I toyed with ocfs2 for about two days. Then I just went for gfs2 and since
then our dual-primary system is providing the storage for the virtual systems
just fine. That is we mostly use files as disks for the VMs. If you are okay
with clustered lvm, you can also do that. But as far as I see it, that is
harder to extend unless you export the underlying drbd-resource via iscsi/AoE
to the third and folowing nodes.
With gfs2 (or ocfs2) the third node can just mount the same dir via nfs.

Post by Nick Morrison
Am I mad? Should it work? Will performance suck compared with running
DRBD directly on the physical machines?

It is one additional layer of complexity and weak points: For your cluster to
work, you not only need the host to work but also some special virtual
machines. And of course you add one layer of buffering and cpu-load.

Have fun,

Arnold

Nick Morrison

14 years ago

Permalink

...

If you don't mind my asking: Which distro are you using for your GFS2 cluster?

Nick

Arnold Krille

14 years ago

Permalink

...

Debian squeeze with the cluster-stuff from backports. And the kernel from
backports because of the e1000e network cards, which makes drbd complain
because kernel-space is one micro-version smaller then userspace. I plan to
downgrade the kernel once I create or find dkms-packages for the e1000e...

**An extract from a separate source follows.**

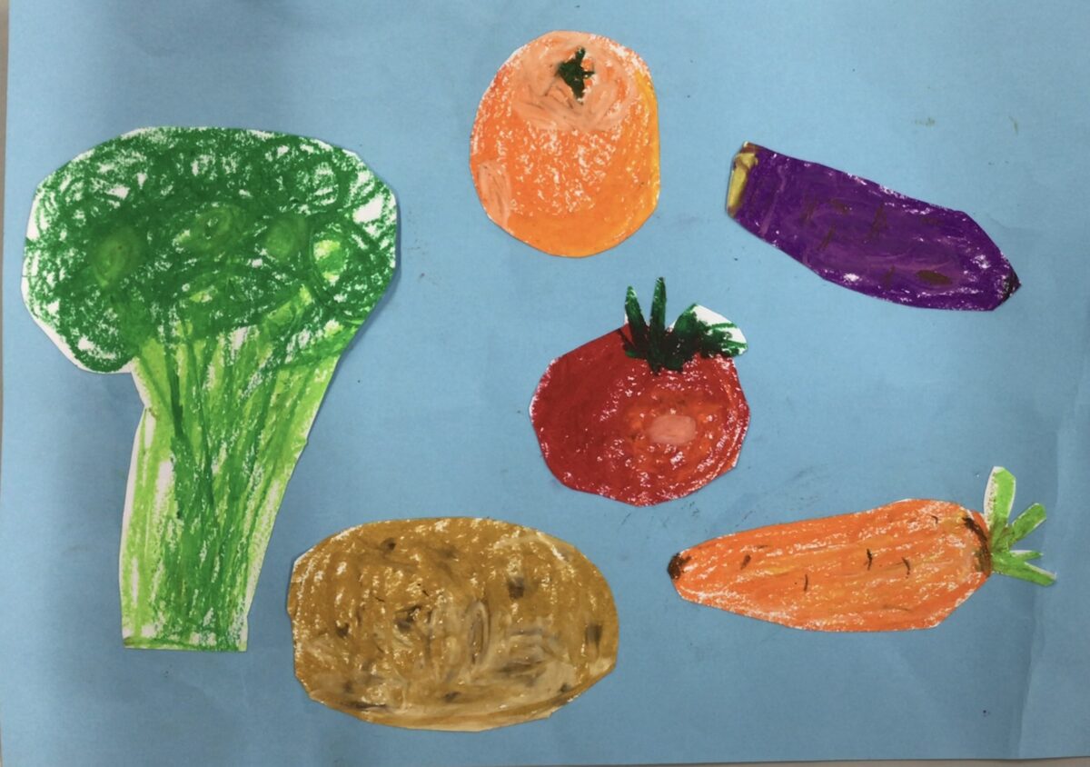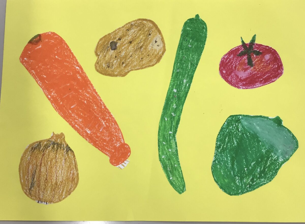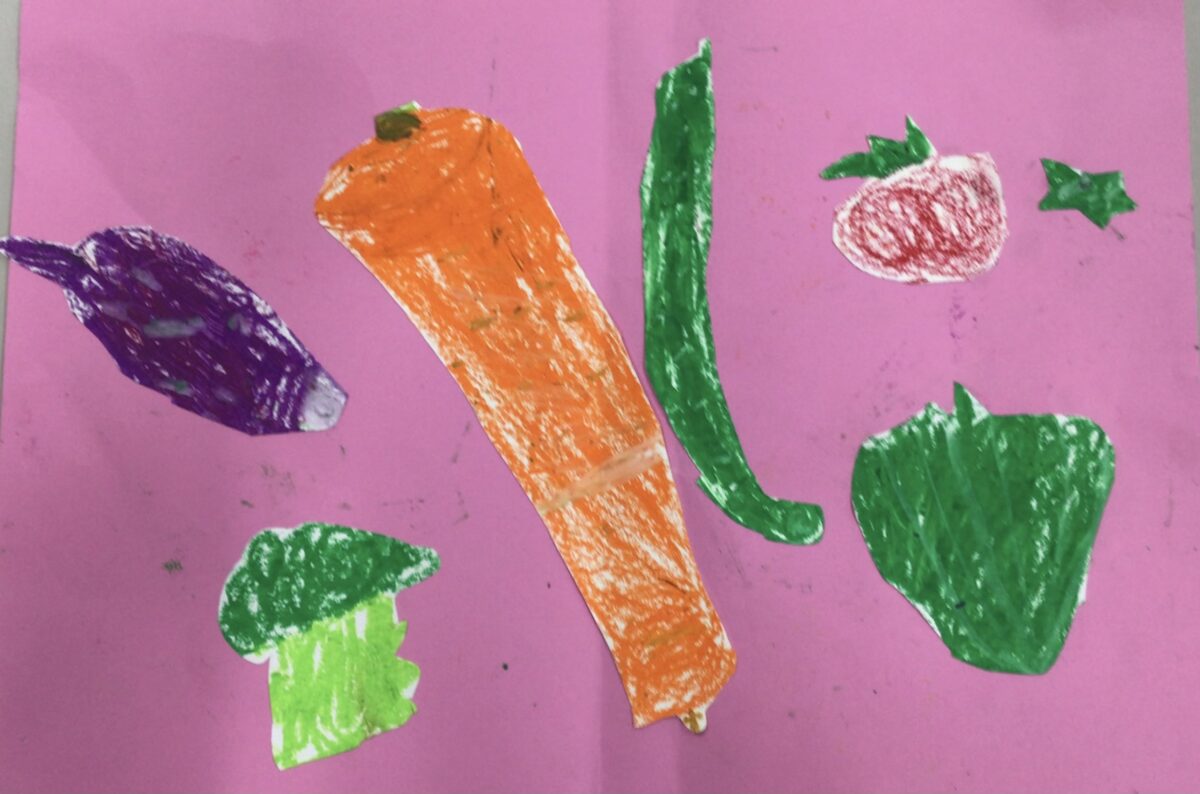 よく観察して、野菜の絵を描き、さらに折り紙などを使って、それを立体にしました。

I have to admitt that I haven't yet decided whether the third and following
nodes will receive the virt-pool via iscsi+gfs or nfs, iscsi+gfs has the
advantage that I could do multipath-iscsi.

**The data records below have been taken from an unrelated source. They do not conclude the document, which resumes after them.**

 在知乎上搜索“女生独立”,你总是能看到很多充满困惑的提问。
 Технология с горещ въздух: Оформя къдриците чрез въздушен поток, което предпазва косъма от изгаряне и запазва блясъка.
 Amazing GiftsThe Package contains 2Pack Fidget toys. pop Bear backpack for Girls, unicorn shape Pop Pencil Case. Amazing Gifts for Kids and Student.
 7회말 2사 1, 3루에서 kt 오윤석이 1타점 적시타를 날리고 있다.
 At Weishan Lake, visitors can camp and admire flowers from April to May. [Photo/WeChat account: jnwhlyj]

That being said, I cant wait for drbd to support more then two active mirrors!

Have fun,

Arnold

Nick Morrison

14 years ago

Permalink

Post by Arnold Krille

Post by Nick Morrison
I have two physical servers, reasonably specced. I have a 250GB LVM volume
spare on each physical server (/dev/foo/storage). I would like to build a
KVM/QEMU virtual machine on each physical server, connect /dev/foo/storage
to the virtual machines, and run DRBD inside the two VM guests.

Why would you want to do that?

I have two servers; I would like to provide shared storage, and run virtual machines. I don't want to care which server the VM runs on.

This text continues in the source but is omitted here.